# Libraries

In [1]:
import pandas as pd
import seaborn as sns
sns.set_style('darkgrid')
import matplotlib.pyplot as plt
%matplotlib inline

# Data

In [1]:
# Convert csv to DataFrame
data19=pd.read_csv('../input/popularity-of-cambridge-university-colleges/Cam_college_stats/Cam_stats_2019.csv')

# Print number of rows and number of columns in dataset
print(data19.shape)

# Have a look at the first 5 entries
data19.head()

In [1]:
# remove last row
data19.drop([31], axis=0, inplace=True)

# Analysis

First, we'll plot how many times each college was put down as an applicants first choice. 

In [1]:
# Figure size
plt.figure(figsize=(12,5))

# Barchart
sns.barplot(x='Code', y='1st choice', data=data19, 
            order=data19.sort_values('1st choice',ascending=False).Code)

# Title
plt.title('Most popular Cambridge colleges for graduate students in 2019')

* From this we see **Trinity, King's and St John's** are the three colleges with the most people selecting them as their first preference. 
* In contrast, **Murray Edwards, Robinson and Girton** get the lowest number of 1st preferences.

We can also look at how *difficult* each college is to get into by looking at the ratio of 1st preferences to 'No of applicants admitted to their 1st choice'.

In [1]:
# Admission rate
data19['admission rate']=data19['No of applicants admitted to their 1st choice']/data19['1st choice']

# Figure size
plt.figure(figsize=(12,5))

# Barplot
sns.barplot(x='Code', y='admission rate', data=data19,
           order=data19.sort_values('admission rate',ascending=False).Code)

# Title
plt.title('Admission rate for Cambridge colleges in 2019')

* From this we see that **Homerton, Sidney Sussex and Wolfson** were the colleges most likely to accept students who put them down as their first choice (in 2019).
* In contrast, **Trinity and King's** were the hardest colleges to get into (in 2019). This is not a surprise as they are the two most popular colleges.

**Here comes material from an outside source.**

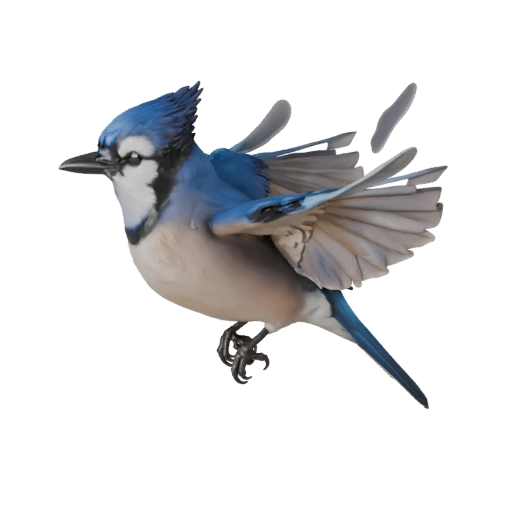 Реалистичный ассет голубой сойки с акцентом на направление перьев, средний поли, pbr перья и подготовку конвейера анимации для Blender.

Finally we'll look at how 'big' each college is, i.e. how many students they let in in 2019. We'll keep the same ordering as in the first plot to see if popularity is correlated with college size.

In [1]:
# Figure size
plt.figure(figsize=(12,5))

# Barplot
sns.barplot(x='Code', y='Total admitted', data=data19,
           order=data19.sort_values('1st choice',ascending=False).Code)

# Title
plt.title('Number of postgrad students admitted to Cambridge colleges in 2019')